ANY REPRESENTATION TO THE CONTRARY IS A CRIMINAL OFFENSE. THE COMPANY WILL NOT BE REGISTERED IN THE UNITED STATES AS AN INVESTMENT COMPANY UNDER THE INVESTMENT COMPANY ACT OF 1940, AS AMENDED (THE “ICA”), IN RELIANCE UPON AN EXEMPTION AVAILABLE TO PRIVATELY OFFERED INVESTMENT COMPANIES, AND ACCORDINGLY, THE PROVISIONS OF THE ICA INTENDED TO PROVIDE VARIOUS PROTECTIONS TO INVESTORS ARE NOT APPLICABLE. NEITHER THE MANAGING MEMBER OF THE COMPANY NOR ANY OF ITS AFFILIATES WILL BE REGISTERED AS AN INVESTMENT ADVISER UNDER THE INVESTMENT ADVISERS ACT OF 1940, AS AMENDED, OR ANY SUCH SIMILAR STATE STATUTE. FOR RESIDENTS OF FLORIDA, THE INTERESTS IN THE FUND OFFERED BY THIS MEMORANDUM (THE “INTERESTS”) HAVE NOT BEEN REGISTERED UNDER THE FLORIDA SECURITIES ACT. IF SALES ARE MADE TO FIVE (5) OR MORE INVESTORS IN FLORIDA, ANY FLORIDA INVESTOR MAY, AT HIS OPTION, VOID ANY PURCHASE HEREUNDER WITHIN A PERIOD OF THREE (3) DAYS AFTER HE (A) FIRST TENDERS OR PAYS TO THE FUND, AN AGENT OF THE FUND OR AN ESCROW AGENT THE CONSIDERATION REQUIRED HEREUNDER OR (B) DELIVERS HIS EXECUTED SUBSCRIPTION AGREEMENT, WHICHEVER OCCURS LATER TO ACCOMPLISH THIS. IT IS SUFFICIENT FOR A FLORIDA INVESTOR TO SEND A LETTER OR TELEGRAM TO THE FUND WITHIN SUCH THREE (3) DAY PERIOD, STATING THAT HE IS VOIDING AND RESCINDING THE PURCHASE. IF AN INVESTOR SENDS A LETTER, IT IS PRUDENT TO DO SO BY CERTIFIED MAIL, RETURN RECEIPT REQUESTED, TO INSURE THAT THE LETTER IS RECEIVED AND TO EVIDENCE THE TIME OF MAILING. 

  
These OFFERING MEMORANDUMs CONTAINS STATEMENTS THAT CONSTITUTE FORWARD LOOKING STATEMENTS. THOSE STATEMENTS APPEAR IN A NUMBER OF PLACES IN THIS OFFERING MEMORANDUM AND INCLUDE STATEMENTS REGARDING THE INTENT, BELIEF OR CURRENT EXPECTATIONS OF THE COMPANY, ITS MANAGER OR ITS OFFICERS WITH RESPECT TO, AMONG OTHER THINGS; (I) THE USE OF THE PROCEEDS (OR OTHER CONSIDERATION) OF THIS OFFERING; (II) THE COMPANY’S FINANCING PLANS; (III) TRENDS EXPECTED TO AFFECT THE COMPANY’S FINANCIAL CONDITION AND/OR RESULTS OF OPERATIONS; (IV) THE COMPANY’S OPERATING STRATEGY; AND (V) THE MARKET ANALYSIS AND FINANCIAL PROJECTIONS PRESENTED IN THIS OFFERING MEMORANDUM. YOU ARE CAUTIONED THAT ANY SUCH FORWARD LOOKING STATEMENTS ARE NOT GUARANTEES OF FUTURE PERFORMANCE AND INVOLVE RISKS AND UNCERTAINTIES. ACTUAL RESULTS MAY DIFFER MATERIALLY FROM THOSE PROJECTED FORWARD LOOKING STATEMENTS AS A RESULT OF VARIOUS FACTORS. IN FORMULATING THE FINANCIAL PROJECTIONS, MANAGEMENT MADE CERTAIN ASSUMPTIONS. THERE CAN BE NO ASSURANCE THAT MANAGEMENT’S ASSUMPTIONS ARE ACCURATE OR THAT MANAGEMENT’S PROJECTIONS CAN BE REALIZED.

 

You should only rely on information contained in this Offering Memorandum.

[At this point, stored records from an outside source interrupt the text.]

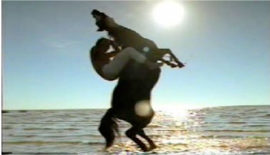
The Fall: El sueño de Alexandria (Dir: Tarsem Singh) 2006 Horse falling training and stunt coordination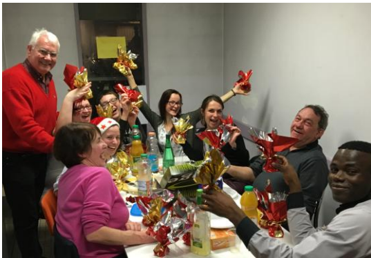
2015 l'atelier théâtre fait la fête

L'assemblée générale du comité, mercredi 27 janvier sera l'occasion de faire le bilan de ces dix années et pour vous, de rencontrer l'équipe du comité. Elle proposera à tous les participants et aux élus de nouveaux projets ambitieux, de nouvelles perspectives. Nos partenaires présenteront leurs activités, vous pourrez dialoguer avec eux. Vous aurez ainsi une vision globale de l'action du comité.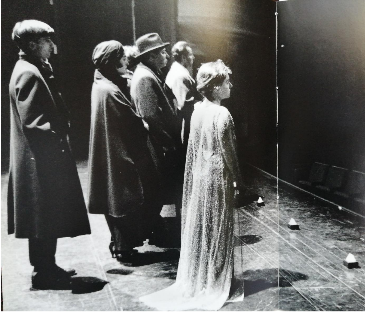
Les Solitaires intempestifs.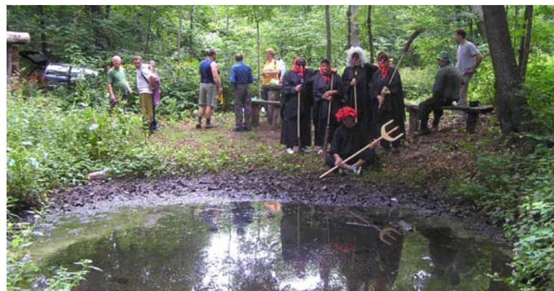
Turističku priču vezanu uz Černe mlake tek treba ispričati...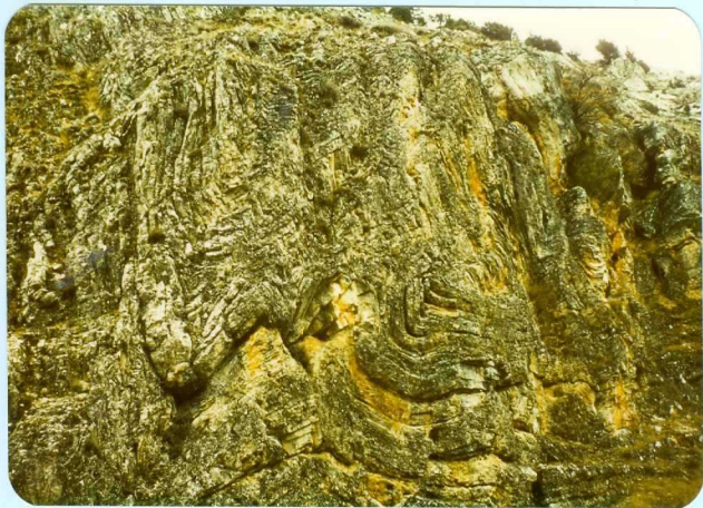
304 Dogger replegado al Sur de la ermita de Ntra. Sra. de Brezales.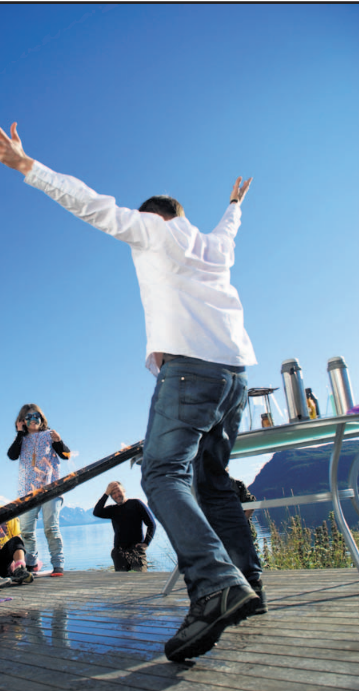
iment med en takrenne, flammer og en ballong. – Nesten sånn var det når Newton fikk en idé. Da sa det pang!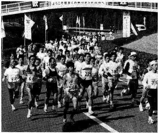
▲ゴールを目指して力走 (第5回宇治川マラソン大会で)

第6回宇治川マラソン大会は、2月26日(日)、午前10時に太陽が丘をスタート。競技は5キロ、10キロ、20キロの3部に分かれて行われます。今大会では、遠くは新潟からも参加者があるなど、前回は112人上回る2,078人が健脚を競います。市民の皆さんも、温かいご声援をお送りください。なお、大会当日は交通規制が行われます。ご協力ください。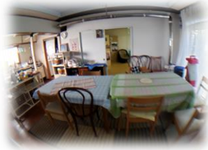
居間とキッチン（左）

●りんごの森 鍋・食器類・調味料 （自然食）常備。米、 肉は要望に応じてご 用意します。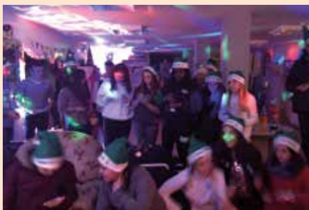
Fiestas prevas juventud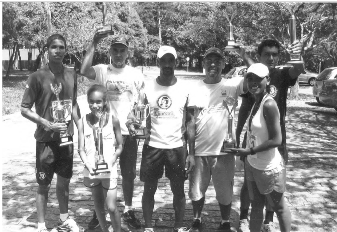
VENCEDORA – A atleta Aline (segunda da direita para esquerda) foi o destaque da prova em Bauru, conquistando o troféu de campeã na categoria infantil

O evento promovido pela Secretaria Municipal de Esportes e Lazer (SEMEL) de Bauru, em parceria com a Associação Bauruense de Atletismo (ABA), reuniu 300 atletas de várias cidades da região.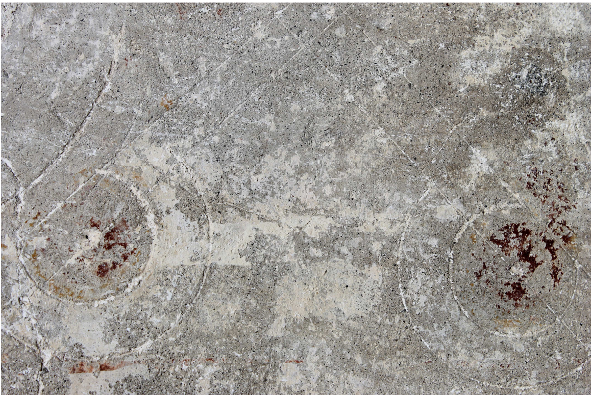
Részlet a keretdíszből. Láthatóak a bekarcolt szerkesztővonalak. Ezen a részen a festékréteg 90% eplusztult.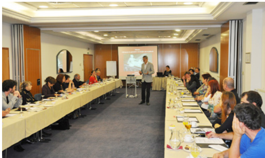
Udeleženci posveta so z zanimanjem prislunhili predstavljenim temam.

razmerja: delavec - delodajalec. Zastavila je vprašanje, katere vrednote zasledujeta? Ali so bolj v ospredju vrednote,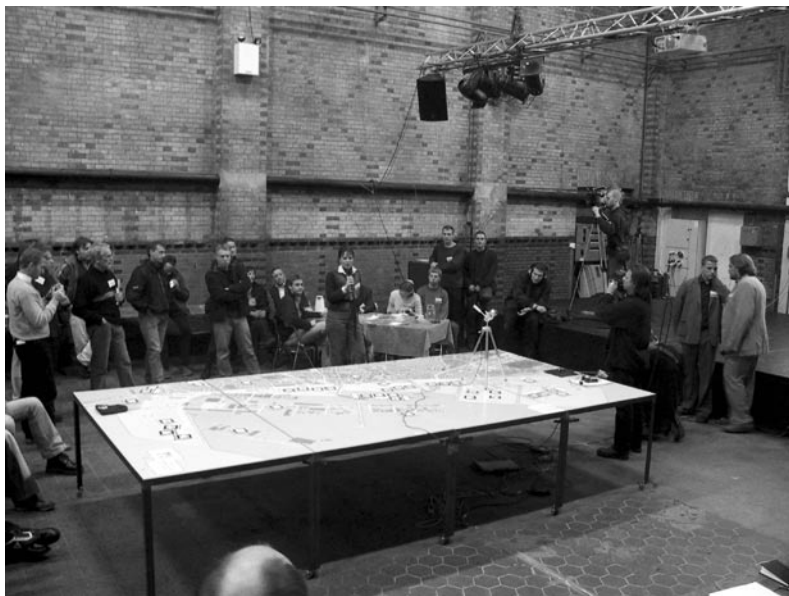
Pause i Havnespillet i Turbinehallen, 8. november 2002.

I en diskussion omkring redskaber og metoder til brugerinddragelse er lukket//åben-aksen væsentlig at fokusere på. Ikke mindst fordi det er på denne akse, at førnævnte distinktioner mellem på den ene side – i hvert fald i udgangspunktet – demokratiske planlægningsprocesser og på den anden side kommercielle designprocesser befinder sig. En byplanlægningsproces, der i sidste ende involverer måske hundredetusinder af borgere og andre interessenter, bør som udgangspunkt befinde sig længere oppe ad skalaen end en designproces, der sigter mod udviklingen af f.eks. et IT-ekspertsystem med nogle få tusinde brugere. Men ved at trække redskabet op ad lukket//åben-aksen mod en større grad af åbenhed, kommer man også meget let til at trække den op ad de øvrige akser mod et større mål af tilfældighed og spil. Dermed undermineres anvendeligheden af redskabet i en planlægningsmæssig sammenhæng – det var i hvert fald vores erfaring i Havnespillet . Men hvorfor egentlig det?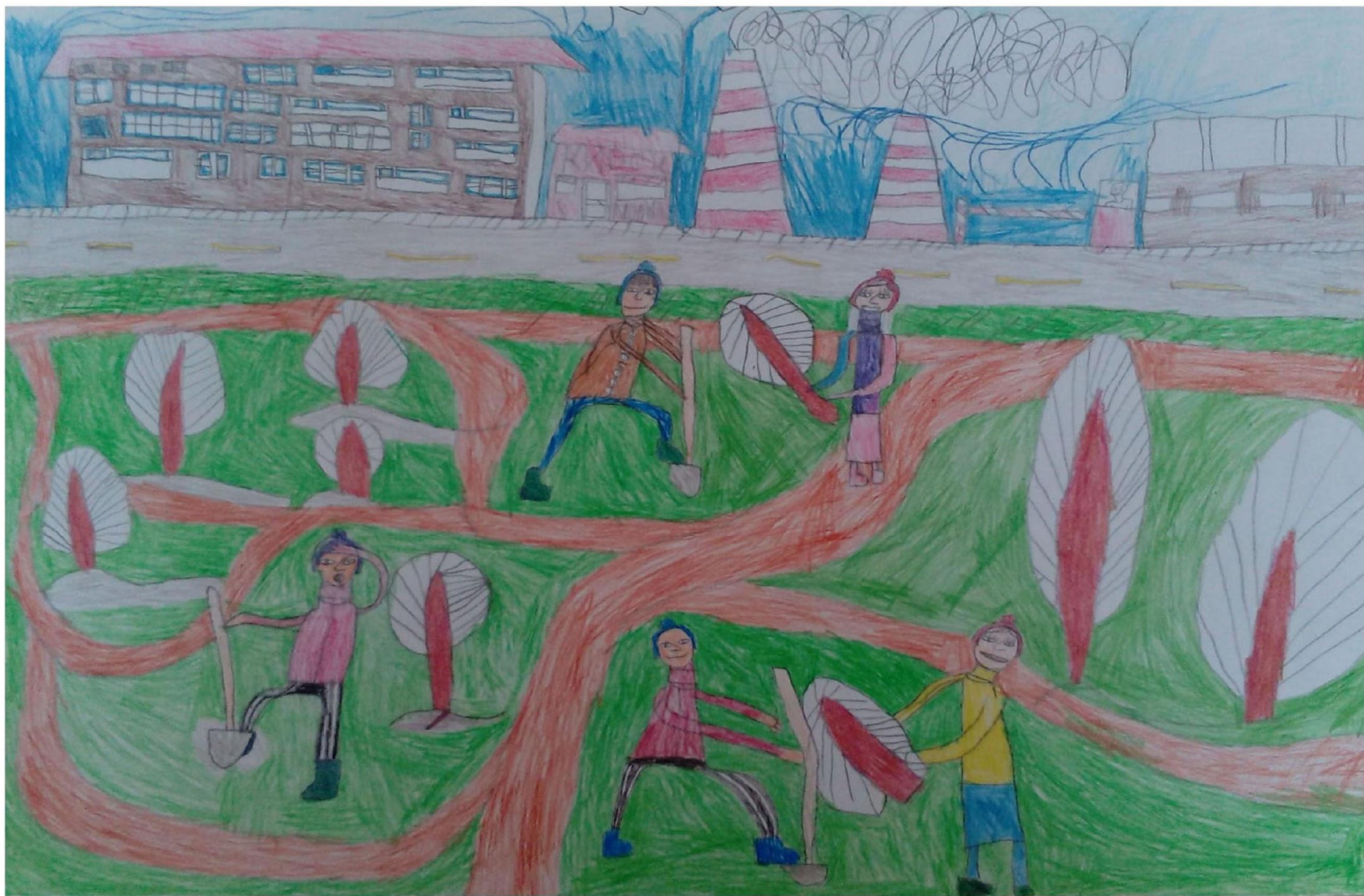
Рыбников Ярослав 7 лет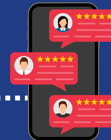
Tevreden klanten als resultaat

We have not authorized anyone else to provide you with any different information. If you subscribe for the Securities, the Company will require you to acknowledge at closing that you have requested and received all information necessary to make an informed decision to purchase its Securities. 
 

The Company is not making an offer to buy or sell the Securities in any state or jurisdiction where the offer is not permitted. This Offering Memorandum is personal to you and does not constitute an offer to any other person or the public generally to subscribe for the Securities. You should not assume that the information in this Offering Memorandum is accurate as of any date other than the date on the front of this Offering Memorandum. There may have arisen a change in the affairs or business of either Company since that date, and you should not assume otherwise merely because you have received this Offering Memorandum. 
 

The Company is selling its Securities in a private placement pursuant to Section 4(2) of the Securities Act of 1933, as amended (the “1933 Act”), and, accordingly, they are not being registered under the 1933 Act. Therefore, you may not resell the Securities unless they are subsequently registered under the 1933 Act and applicable state securities laws or an exemption from Federal and state registration requirement becomes available. You should assume that you must bear the economic risk of an investment in the Securities for an indefinite period of time. 

 

IN MAKING AN INVESTMENT DECISION, YOU MUST RELY ON YOUR OWN EXAMINATION OF THE COMPANY AND THE TERMS OF THIS OFFERING, INCLUDING THE MERITS AND RISKS INVOLVED. 
You may not use the information contained in this Offering Memorandum for any purpose other than in connection with your consideration of an investment in the Securities. The information in this Offering Memorandum is of a confidential nature which you will treat in a confidential manner. You may not, directly or indirectly, disclose or permit your affiliates or representatives to disclose any of the information to any other person or reproduce this Offering Memorandum, in whole or in part, without the prior written consent of the Company. 
 

Neither Company nor any of its representatives are making any representation to you regarding the legality of your investment under applicable legal investment or similar laws. This Offering Memorandum does not constitute legal, business or tax advice. You should consult with your own legal, tax, business and financial advisors with respect to the investment. 

 

You should direct all inquiries relating to the Company to Robert M. Dodenhoff Jr or to Maksims Sivohins at 265 Eastchester Dr. Ste 133, #310 High Point, NC 2762 or by phone at (703) 597-5792. 

 

If you do not wish to invest in the Company, you must delete this Offering Memorandum within 15 days after you receive it and all information contained in this Offering Memorandum shall be kept confidential and may not be copied or reproduced without the prior written approval of the Company.